Before writing our first skill, we need to understand how a skill works.

The code of skills are all in the skills/ directory. Each subdirectory is a skill category.

The skill is configured in the field skills in the agent configuration. The key is the skill category, and the value is a predefined skill config. For example:

id: my-test-agent
skills:
  twitter:
    states: 
      get_timeline: public
      post_tweet: private
      follow_user: disabled
  common:
    states:
      current_time: public

Adding a new skill category

Most of the time, you will need to add a new skill category. If you only want to add a skill in an existing category, you can copy an existing skill and modify it. Let's see how to add a new skill category.

After creating a new skill category folder in skills/, you need to add these 4 essential components:

  • base.py - Defines the base class for the skill, adding shared functionality for all skills in this category
  • your_skill_name.py - Defines the first skill implementation in the new category
  • __init__.py - Defines how to instantiate and retrieve the skills in this category
  • schema.json - Defines the config JSON schema for this skill category to help users understand the configuration options
  • An icon for the skill category, png/svg/jpg/jpeg is supported. Tips: most of the time you can easily find the icon from their github organization or X account.

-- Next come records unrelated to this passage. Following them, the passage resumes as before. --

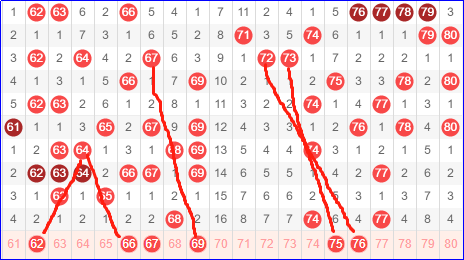 第四区间号码61-80,四区这样出号的结果也是在意料之中,昨天虽然防守了一注,但只出现了三个号码。但是这一期应该是一个机会,上一期虽然做的走势号码比较多,那盒大趋势一般不会出现在四区。如我们所料,始终是不看好四区后半段的。
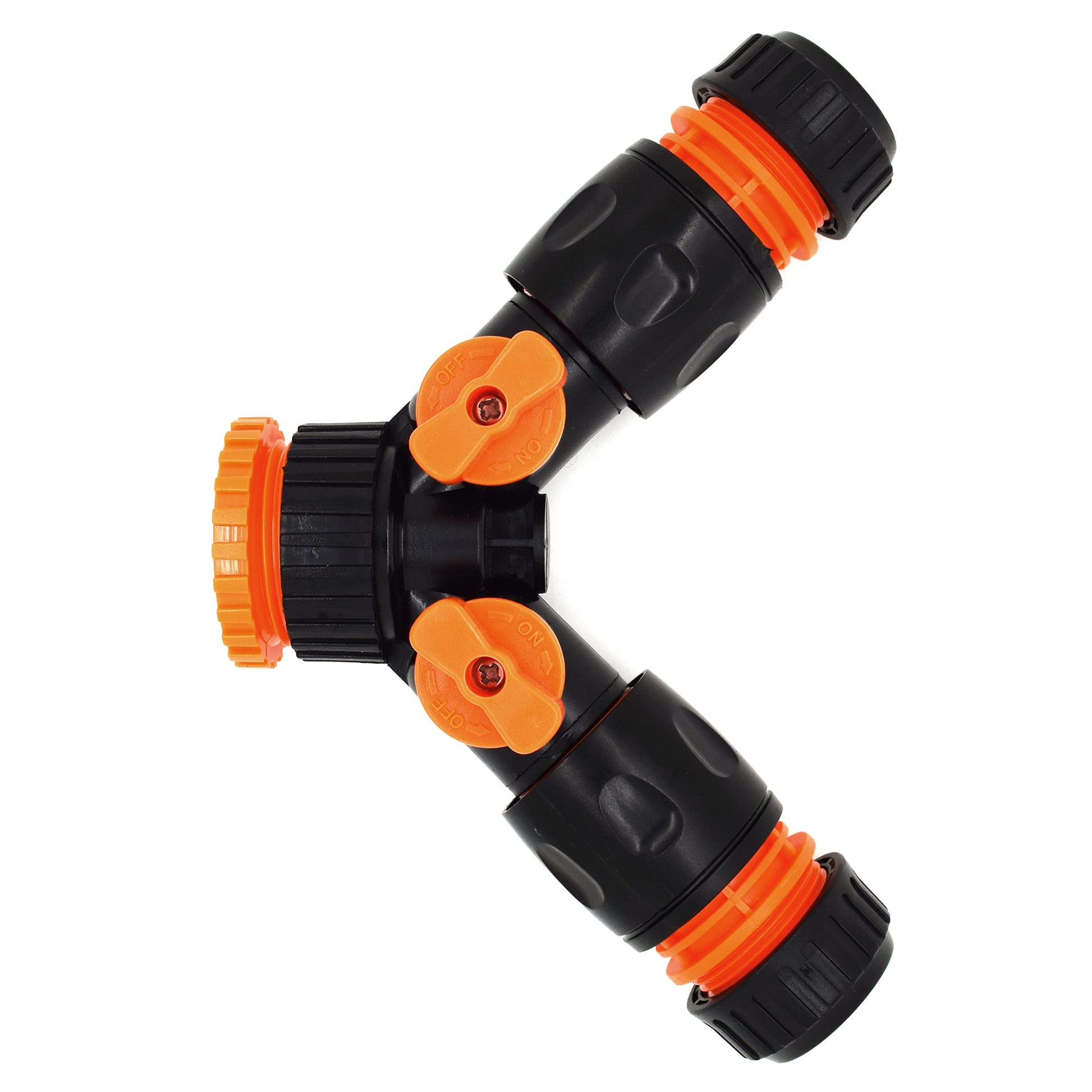 - The 2-way Y-connector-garden hose distributor has 2-way joints and 2 separate on-off valves. After using the water separator, it can easily convert 1 faucet into 2 high-flow water sources, thereby making your garden life easier.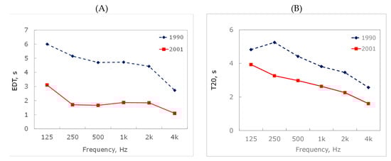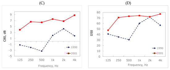 The graphs in Figure 5 are obtained by considering the average values of all the measured points. The monoaural acoustical parameters of the measurements performed in 1994 were calculated from both the binaural channels of the dummy head, as it was used to do in that period (one of the examples is given for La Fenice theatre of Venice) []. The same parameters measured after 2001 were obtained from the W channel of the Soundfield microphone.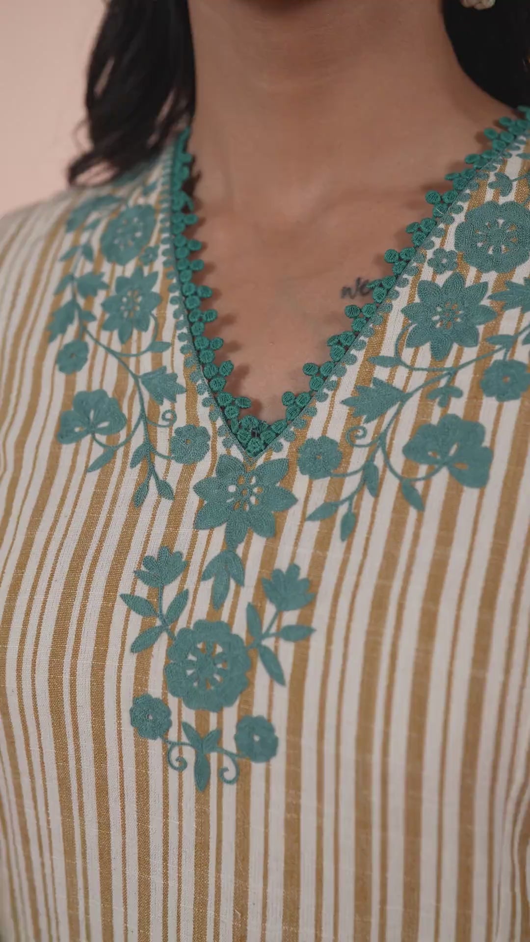 Welcome the warmth of the season with Saanjh Mustard Yarn Dyed Straight Kurta Set, a perfect blend of tradition and modern charm. This ivory and mustard straight kurta, crafted in 100% cotton slub stripes, features intricate aari embroidery on the sleeves and neckline, adding timeless elegance to its earthy hues. Paired with off white and mustard straight pants, adorned with matching embroidery, it offers effortless sophistication. The look is beautifully tied together with a Green Bemberg jacquard dupatta, finished with delicate lace border. Light, breathable, and refined—Saanjh is your go-to for understated grace this season

Let's use common/current_time as an example.

Base class (base.py)

The base class should inherit from IntentKitSkill and provide common functionality for all skills in this category:

from typing import Type

from pydantic import BaseModel, Field

from abstracts.skill import SkillStoreABC
from skills.base import IntentKitSkill


class CommonBaseTool(IntentKitSkill):
    """Base class for common utility tools."""

    name: str = Field(description="The name of the tool")
    description: str = Field(description="A description of what the tool does")
    args_schema: Type[BaseModel]
    skill_store: SkillStoreABC = Field(
        description="The skill store for persisting data"
    )

    @property
    def category(self) -> str:
        return "common"

Key points:

  • The base class should inherit from IntentKitSkill
  • Define common attributes all skills in this category will use
  • Implement the category property to identify the skill category
  • Include the skill_store for persistence if your skills need to store data

Skill class (current_time.py)

Each skill implementation should inherit from your category base class:

class CurrentTimeInput(BaseModel):
    """Input for CurrentTime tool."""

    timezone: str = Field(
        description="Timezone to format the time in (e.g., 'UTC', 'US/Pacific', 'Europe/London', 'Asia/Tokyo'). Default is UTC.",
        default="UTC",
    )


class CurrentTime(CommonBaseTool):
    """The doc string will not pass to LLM, it is written for human"""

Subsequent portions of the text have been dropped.